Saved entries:
* * * * * * *
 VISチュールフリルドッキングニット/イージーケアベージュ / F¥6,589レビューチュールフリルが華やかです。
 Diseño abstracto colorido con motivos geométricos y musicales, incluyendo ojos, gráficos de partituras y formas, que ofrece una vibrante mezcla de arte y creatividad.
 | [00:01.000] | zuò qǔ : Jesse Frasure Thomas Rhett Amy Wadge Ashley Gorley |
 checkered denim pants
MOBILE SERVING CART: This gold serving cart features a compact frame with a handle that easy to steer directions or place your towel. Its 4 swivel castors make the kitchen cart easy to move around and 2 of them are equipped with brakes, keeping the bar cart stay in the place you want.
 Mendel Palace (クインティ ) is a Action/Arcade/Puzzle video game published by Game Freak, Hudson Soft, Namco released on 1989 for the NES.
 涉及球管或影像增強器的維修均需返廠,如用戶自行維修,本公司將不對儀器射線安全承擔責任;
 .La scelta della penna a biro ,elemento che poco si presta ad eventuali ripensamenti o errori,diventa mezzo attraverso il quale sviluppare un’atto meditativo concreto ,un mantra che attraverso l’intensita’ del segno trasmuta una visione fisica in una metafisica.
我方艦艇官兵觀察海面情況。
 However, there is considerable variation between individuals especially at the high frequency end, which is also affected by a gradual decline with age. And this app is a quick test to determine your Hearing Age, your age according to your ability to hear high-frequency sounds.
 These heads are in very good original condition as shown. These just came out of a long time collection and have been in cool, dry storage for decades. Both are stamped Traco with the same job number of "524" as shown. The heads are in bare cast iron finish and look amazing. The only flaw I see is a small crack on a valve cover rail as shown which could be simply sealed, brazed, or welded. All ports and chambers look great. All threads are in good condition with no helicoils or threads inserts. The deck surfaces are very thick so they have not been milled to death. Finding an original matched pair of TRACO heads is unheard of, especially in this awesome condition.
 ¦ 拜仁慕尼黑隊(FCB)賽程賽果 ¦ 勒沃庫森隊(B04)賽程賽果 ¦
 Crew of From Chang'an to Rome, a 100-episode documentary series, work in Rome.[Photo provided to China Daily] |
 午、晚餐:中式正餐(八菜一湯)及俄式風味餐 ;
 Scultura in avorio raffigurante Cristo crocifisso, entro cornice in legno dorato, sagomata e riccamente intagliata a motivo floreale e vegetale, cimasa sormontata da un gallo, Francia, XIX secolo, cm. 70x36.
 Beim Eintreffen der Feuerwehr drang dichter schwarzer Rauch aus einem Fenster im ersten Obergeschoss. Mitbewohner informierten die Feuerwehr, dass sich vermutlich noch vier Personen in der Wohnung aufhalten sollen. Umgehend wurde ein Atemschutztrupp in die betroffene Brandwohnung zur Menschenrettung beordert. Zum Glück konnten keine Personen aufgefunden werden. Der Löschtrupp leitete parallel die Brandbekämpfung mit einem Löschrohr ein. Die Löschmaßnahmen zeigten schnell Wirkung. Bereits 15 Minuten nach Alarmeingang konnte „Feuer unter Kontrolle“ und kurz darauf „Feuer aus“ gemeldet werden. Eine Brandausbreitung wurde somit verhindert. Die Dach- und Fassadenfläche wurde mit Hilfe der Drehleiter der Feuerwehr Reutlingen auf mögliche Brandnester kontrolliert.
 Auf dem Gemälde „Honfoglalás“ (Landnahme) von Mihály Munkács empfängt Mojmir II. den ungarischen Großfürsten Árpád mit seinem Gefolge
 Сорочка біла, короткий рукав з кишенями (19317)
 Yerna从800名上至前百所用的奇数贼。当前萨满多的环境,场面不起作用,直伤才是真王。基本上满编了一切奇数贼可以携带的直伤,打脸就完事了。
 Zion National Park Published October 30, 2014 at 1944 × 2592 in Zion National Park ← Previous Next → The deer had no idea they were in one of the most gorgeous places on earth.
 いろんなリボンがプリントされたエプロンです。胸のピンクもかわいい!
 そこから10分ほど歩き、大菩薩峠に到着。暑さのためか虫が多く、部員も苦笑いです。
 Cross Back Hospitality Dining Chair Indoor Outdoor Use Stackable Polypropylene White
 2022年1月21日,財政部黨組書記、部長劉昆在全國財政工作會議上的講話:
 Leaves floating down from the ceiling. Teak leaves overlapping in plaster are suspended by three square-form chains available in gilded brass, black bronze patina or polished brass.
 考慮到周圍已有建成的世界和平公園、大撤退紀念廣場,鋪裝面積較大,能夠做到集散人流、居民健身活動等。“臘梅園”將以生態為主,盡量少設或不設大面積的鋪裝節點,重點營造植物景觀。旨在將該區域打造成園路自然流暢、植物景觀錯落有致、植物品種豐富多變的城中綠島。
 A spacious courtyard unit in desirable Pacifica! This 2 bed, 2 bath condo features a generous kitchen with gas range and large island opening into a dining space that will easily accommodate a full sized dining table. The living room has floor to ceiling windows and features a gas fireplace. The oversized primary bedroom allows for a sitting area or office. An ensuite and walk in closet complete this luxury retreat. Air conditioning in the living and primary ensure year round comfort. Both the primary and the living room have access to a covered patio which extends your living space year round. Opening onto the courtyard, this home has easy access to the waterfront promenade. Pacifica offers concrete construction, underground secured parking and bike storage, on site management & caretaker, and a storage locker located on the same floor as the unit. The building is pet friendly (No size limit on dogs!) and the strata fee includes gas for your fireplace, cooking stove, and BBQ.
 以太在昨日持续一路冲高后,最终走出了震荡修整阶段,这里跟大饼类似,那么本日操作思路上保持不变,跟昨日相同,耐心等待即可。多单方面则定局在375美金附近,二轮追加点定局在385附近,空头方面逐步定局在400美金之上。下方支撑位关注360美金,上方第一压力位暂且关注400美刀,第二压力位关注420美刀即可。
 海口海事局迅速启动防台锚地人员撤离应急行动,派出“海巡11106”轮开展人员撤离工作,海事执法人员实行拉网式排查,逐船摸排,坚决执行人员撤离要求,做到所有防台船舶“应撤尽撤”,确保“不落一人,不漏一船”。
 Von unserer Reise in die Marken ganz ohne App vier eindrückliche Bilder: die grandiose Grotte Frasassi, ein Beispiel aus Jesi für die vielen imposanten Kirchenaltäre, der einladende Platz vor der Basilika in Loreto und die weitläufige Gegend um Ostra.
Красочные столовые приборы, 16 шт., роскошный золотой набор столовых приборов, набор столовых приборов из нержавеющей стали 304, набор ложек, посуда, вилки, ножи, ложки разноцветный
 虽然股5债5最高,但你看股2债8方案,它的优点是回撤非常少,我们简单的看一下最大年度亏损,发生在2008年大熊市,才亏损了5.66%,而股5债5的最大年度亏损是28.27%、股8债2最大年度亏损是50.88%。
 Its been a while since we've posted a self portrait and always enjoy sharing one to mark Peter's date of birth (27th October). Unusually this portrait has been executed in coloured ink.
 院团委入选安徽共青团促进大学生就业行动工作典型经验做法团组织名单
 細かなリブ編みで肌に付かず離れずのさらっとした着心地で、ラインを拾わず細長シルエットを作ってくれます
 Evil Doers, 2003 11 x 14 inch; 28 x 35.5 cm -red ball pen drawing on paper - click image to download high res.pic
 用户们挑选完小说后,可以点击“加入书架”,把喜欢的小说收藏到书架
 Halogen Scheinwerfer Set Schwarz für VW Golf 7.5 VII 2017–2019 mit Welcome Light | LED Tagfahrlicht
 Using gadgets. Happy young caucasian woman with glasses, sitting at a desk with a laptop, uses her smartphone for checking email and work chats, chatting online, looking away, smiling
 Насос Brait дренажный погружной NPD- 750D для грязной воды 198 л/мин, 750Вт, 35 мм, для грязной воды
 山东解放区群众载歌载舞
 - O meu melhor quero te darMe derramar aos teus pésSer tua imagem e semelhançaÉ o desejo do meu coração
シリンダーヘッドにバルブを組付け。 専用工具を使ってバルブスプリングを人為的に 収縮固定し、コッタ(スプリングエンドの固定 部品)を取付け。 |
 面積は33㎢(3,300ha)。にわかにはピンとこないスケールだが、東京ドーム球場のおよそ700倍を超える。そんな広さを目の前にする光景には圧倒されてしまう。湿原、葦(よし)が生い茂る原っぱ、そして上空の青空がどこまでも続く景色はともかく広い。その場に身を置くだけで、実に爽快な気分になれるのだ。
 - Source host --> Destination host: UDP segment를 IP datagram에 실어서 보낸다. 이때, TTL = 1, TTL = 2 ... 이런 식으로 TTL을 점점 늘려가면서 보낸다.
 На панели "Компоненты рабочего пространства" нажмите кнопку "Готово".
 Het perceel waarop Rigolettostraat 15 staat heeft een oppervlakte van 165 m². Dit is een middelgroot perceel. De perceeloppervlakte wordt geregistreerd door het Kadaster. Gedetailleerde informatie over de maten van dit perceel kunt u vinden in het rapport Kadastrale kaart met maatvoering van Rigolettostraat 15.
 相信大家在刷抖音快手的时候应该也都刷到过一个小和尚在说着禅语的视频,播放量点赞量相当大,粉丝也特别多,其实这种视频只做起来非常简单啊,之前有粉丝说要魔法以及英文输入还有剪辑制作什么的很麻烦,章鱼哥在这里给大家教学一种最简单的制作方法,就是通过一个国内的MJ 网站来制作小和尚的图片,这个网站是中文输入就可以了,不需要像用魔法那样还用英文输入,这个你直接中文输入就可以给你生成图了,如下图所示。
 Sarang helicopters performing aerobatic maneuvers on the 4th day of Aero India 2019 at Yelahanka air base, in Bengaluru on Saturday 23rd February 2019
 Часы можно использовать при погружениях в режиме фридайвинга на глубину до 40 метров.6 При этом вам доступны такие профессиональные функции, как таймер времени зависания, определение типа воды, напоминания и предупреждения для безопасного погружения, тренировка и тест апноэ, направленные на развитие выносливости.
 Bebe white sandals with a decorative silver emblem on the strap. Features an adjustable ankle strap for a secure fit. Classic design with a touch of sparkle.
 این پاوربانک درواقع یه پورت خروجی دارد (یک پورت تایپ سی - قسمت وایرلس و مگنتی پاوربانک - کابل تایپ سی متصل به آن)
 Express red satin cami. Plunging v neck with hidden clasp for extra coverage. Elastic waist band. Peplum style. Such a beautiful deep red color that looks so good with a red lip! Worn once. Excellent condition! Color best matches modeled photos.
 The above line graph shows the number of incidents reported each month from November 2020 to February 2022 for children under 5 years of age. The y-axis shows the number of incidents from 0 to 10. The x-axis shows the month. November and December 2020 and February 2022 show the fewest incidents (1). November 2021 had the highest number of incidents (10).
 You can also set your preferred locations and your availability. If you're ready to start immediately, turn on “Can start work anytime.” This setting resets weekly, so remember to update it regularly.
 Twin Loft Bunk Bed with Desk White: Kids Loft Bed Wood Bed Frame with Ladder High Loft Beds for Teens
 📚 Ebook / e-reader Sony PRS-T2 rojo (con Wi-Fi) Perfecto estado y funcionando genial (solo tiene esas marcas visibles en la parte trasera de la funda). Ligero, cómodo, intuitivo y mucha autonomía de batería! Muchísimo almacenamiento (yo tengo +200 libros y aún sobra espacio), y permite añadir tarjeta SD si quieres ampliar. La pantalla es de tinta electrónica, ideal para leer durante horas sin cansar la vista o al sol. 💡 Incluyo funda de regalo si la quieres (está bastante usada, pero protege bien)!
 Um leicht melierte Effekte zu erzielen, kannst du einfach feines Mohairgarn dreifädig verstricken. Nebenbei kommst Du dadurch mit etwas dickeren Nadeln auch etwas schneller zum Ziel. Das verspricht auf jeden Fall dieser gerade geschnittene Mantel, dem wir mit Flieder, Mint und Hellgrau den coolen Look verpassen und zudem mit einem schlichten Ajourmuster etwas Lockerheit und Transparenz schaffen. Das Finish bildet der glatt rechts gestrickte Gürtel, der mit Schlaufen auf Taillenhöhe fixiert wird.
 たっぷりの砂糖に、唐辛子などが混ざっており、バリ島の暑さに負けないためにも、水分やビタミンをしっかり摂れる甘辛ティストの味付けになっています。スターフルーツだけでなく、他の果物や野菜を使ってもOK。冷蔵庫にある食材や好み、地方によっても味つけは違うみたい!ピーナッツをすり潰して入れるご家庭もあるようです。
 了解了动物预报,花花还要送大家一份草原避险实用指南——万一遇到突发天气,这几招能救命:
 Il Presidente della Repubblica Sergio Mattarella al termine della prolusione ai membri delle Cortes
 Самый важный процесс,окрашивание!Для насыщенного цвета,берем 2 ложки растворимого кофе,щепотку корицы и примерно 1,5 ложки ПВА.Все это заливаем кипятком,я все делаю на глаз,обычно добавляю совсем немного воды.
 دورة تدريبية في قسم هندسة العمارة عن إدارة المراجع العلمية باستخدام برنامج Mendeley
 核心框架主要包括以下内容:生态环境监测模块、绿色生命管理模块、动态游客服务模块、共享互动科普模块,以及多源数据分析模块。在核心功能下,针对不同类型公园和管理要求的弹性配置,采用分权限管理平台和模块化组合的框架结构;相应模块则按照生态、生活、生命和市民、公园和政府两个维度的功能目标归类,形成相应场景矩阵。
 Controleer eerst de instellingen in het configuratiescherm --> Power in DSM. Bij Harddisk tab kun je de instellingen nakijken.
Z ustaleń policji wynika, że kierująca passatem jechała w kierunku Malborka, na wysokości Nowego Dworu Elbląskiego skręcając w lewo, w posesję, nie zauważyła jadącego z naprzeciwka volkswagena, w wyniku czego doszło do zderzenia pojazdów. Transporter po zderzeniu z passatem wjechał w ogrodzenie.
* * * * * * *
▶ Task requirements
Every line above that carries the string "work" should be copied.

▶ Task output
 Crew of From Chang'an to Rome, a 100-episode documentary series, work in Rome.[Photo provided to China Daily] |
 Using gadgets. Happy young caucasian woman with glasses, sitting at a desk with a laptop, uses her smartphone for checking email and work chats, chatting online, looking away, smiling
 You can also set your preferred locations and your availability. If you're ready to start immediately, turn on “Can start work anytime.” This setting resets weekly, so remember to update it regularly.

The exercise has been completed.